廊下の床板を踏む音が聞こえたが、聞こえただけだった。蹴破られるように扉が開けられ、簗はやっとそちらに目を向ける。火男面にほっかむりの、いつもの姿の鋼鐵塚が立っていた。
「おう」
鋼鐵塚が短くそうだけ言うと簗は寝台の上でずるずると身を起こした。
「なんだ、誰の顔を見てもキチガイみたいに暴れ回るって聞いてたのに随分おとなしいじゃねえか」
鋼鐵塚はそう言って鼻を鳴らし、適当な椅子をひいて簗の枕元に乱暴に腰掛ける。丸くくり抜いた目穴の向こうに爛々と光る目があった。鋼鐵塚は簗の顔をじろじろと見たあと、唐突に「目は駄目か」と言った。
それを聞いた簗は低く笑う。
「見ろ、空っぽだ」
閉じたままの左瞼をこじ開けると、ぽっかりと空洞が鋼鐵塚を睨む。鋼鐵塚は一片の怖じ気も見せない。ただ左瞼をこじ開ける手に指が三本しかないのを見て顔をしかめる。

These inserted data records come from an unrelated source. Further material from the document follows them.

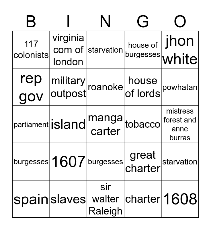 This bingo card has 25 words: 1607, sir walter Raleigh, roanoke, spain, jhon white, 117 colonists, rep gov, virginia com of london, tobacco, burgesses, house of lords, partiament, great charter, starvation, military outpost, 1608, mistress forest and anne burras, starvation, powhatan, island, manga carter, slaves, burgesses, house of burgesses and charter.
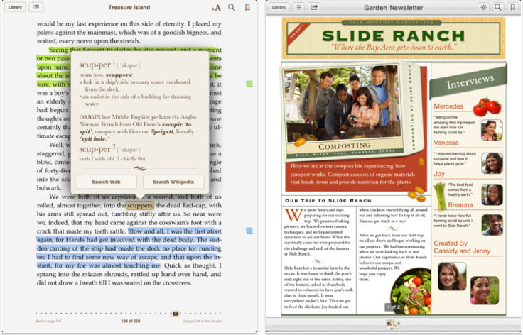 配合年初推出的新iPad,Apple推出了免費的iBooks Author和iBooks 2,讓人輕易製作和閱覽互動的電子教材;一般相信,Apple將會以體積較輕巧的iPad Mini,搶攻教育方面的電子書/平板市場。
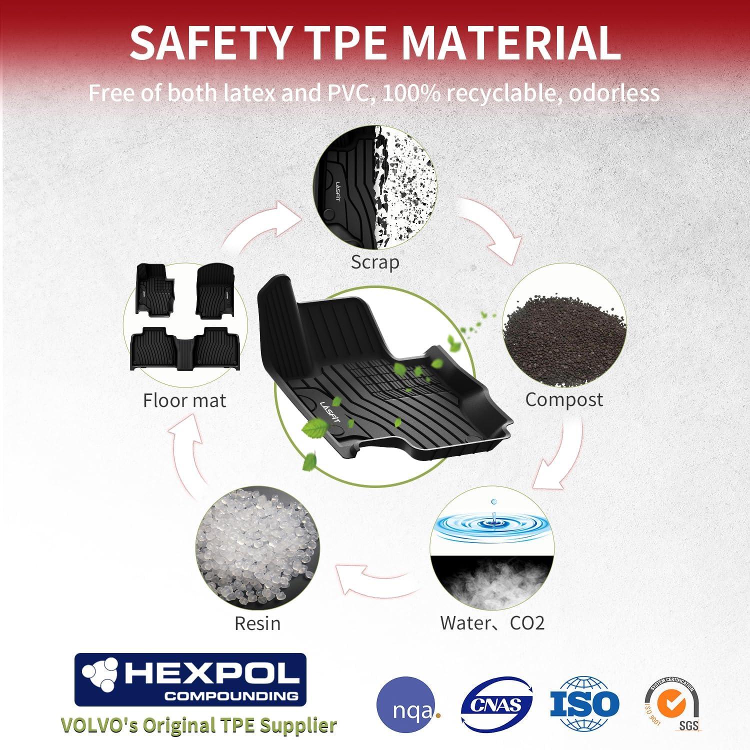 Premium TPE Material : LASFIT floor mats made of 100% brand new TPE material (Thermoplastic Elastomer) for a comfortable and soft touch and exquisite finish. More friendly to the elderly, children and pets. Exclusively designed anti-slip studs for more safety and shock and sound absorbent.

「指までどっかにやっちまったのか。まあ右手の小指と薬指ならどうにでもなるだろ」
げほ、と簗は咳でそれに答える。鋼鐵塚は簗の左手を取り、全ての指がついていることを触って確認した。
「あとはどこが駄目だ。何を落とした」
「なんだろうな」
何か決定的なものを、簗はあの場に落としてきた。
力なく呟く簗の膝に、鋼鐵塚は簗の日輪刀を落とす。滑りずれた鞘の下、緋色の線の奔る刀身に「悪鬼滅殺」の字が刻まれている。簗はそれを見て心臓が冷たく跳ねるのを感じた。それは柱が一人死んだことを意味している。目の当たりにしても、何度も言葉で諭されても、受け入れ難かったそれを無理矢理腹の底に押し込まれ息が詰まった。
簗は震える息を吐き、天井を見上げる。鋼鐵塚は悄然とした簗の様子に苛立たしげに火男面を毟り、簗の胸倉を掴みあげた。簗の体は無抵抗に振り回される。

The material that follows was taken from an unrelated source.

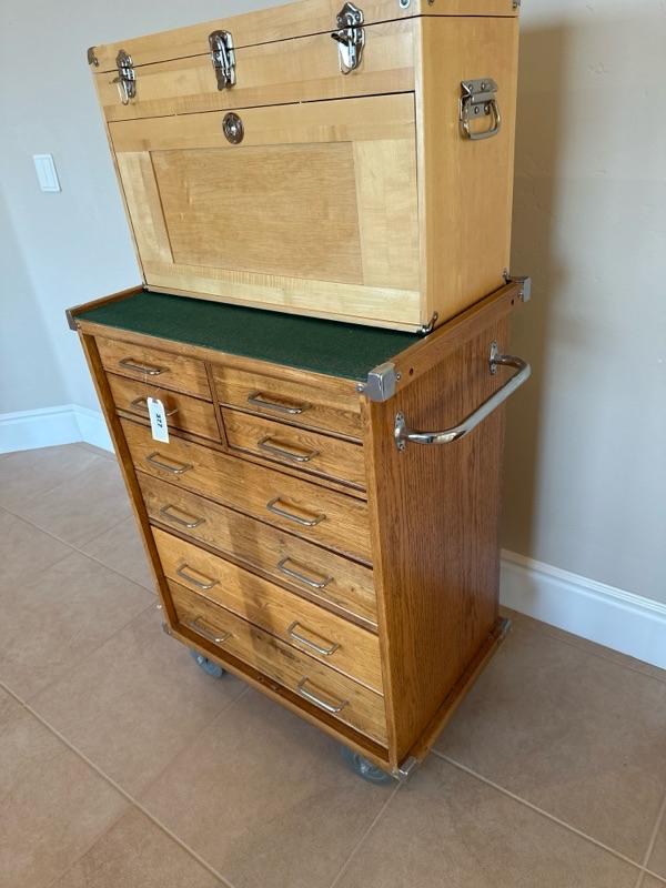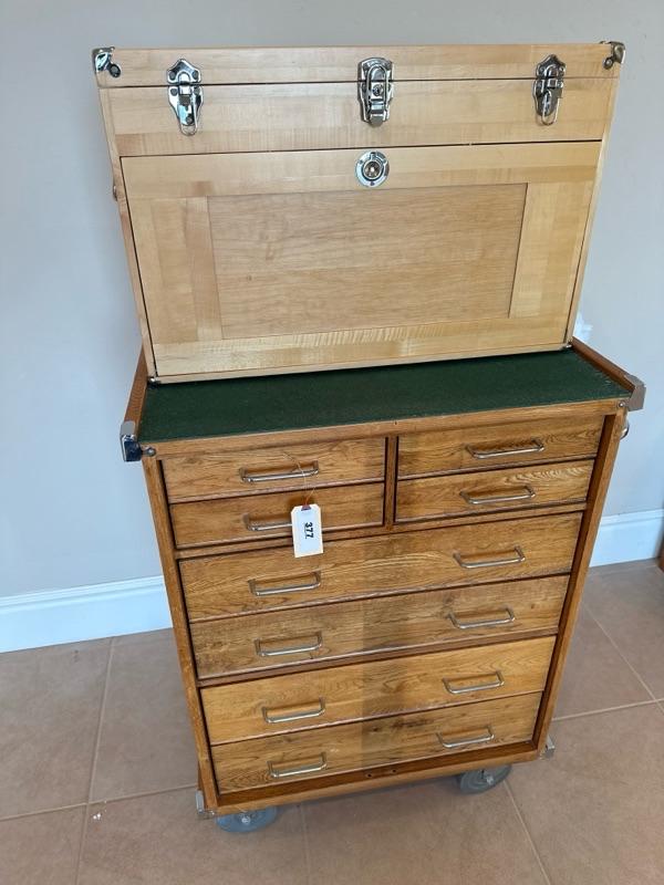 Lot 377 Wood roller cabinet in chest

「指がなかろうが振れる剣はある。俺の目をくり抜いて使ってもいい。頼む。頼むから、俺に柱の刀を打たせてくれ」
簗は鋼鐵塚の顔をしばらく眺めた。長く一緒にいたはずなのに見慣れぬ素顔だ。思えば家族以外でこれほど長い時間を共にした人間は他にいないかもしれない。簗の癇症は簗の好悪に関係なく周囲の者を傷付ける。傍に置くなら糞野郎がよかった。
簗は細く長く溜息をつく。ひりひりと肺が沁みた。
「いやだ。もうしまいだ。もういやになった。俺はもう俺だけのために戦えねえ」
簗が言うと、鋼鐵塚は何も言わずに簗の顔を殴った。大きな岩のような拳が容赦なく頬骨を打つ。鼻の奥から熱い血が噴き出した。病院着と布団がみるみる赤く染まっていく。己の体の中にこれほど血が残っているとは思わなかった。
「てめえにゃがっかりだ」
絞り出すように鋼鐵塚は唸った。怒りに満ちた声音とともに、大きな瞳からぼろぼろと大粒の涙がこぼれる。

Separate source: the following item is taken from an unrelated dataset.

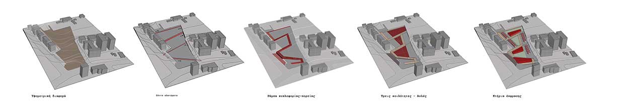 Κύριο στοιχείο της συνθετικής πρότασης, αποτελεί η ράμπα κυκλοφορίας, η οποία οργανώνει το χώρο και εισάγει σταδιακά το μαθητή και τον επισκέπτη από τον εξωτερικό,δημόσιο χώρο, στο σχολικό χώρο προσφέροντας του ποικίλα αισθητηριακά ερεθίσματα. Η ράμπα αυτή αποτελεί ταυτόχρονα ενοποιητικό στοιχείο για τις αυλές-πλατώματα-χώρους έκφρασης, αλλά και διαχωριστικό στοιχείο μεταξύ των αιθουσών διδασκαλίας και εργαστηρίων με τις αυλές.

鋼鐵塚は手ぬぐいで乱暴に顔を擦ると火男面で全て覆い隠した。肩だけがわなわなと震えている。簗はたまらなくなって、消え入りそうな小さな声で「ごめん」と囁いた。鋼鐵塚はそれが聞こえたのか聞こえなかったのか、足音高く病室を出て行った。
部屋には簗と刀だけが残される。
簗はしばらく刀を見下ろし、そのうち気を失うように眠りについた。重しを乗せられた膝は痺れたが、悪夢を見ることはなかった。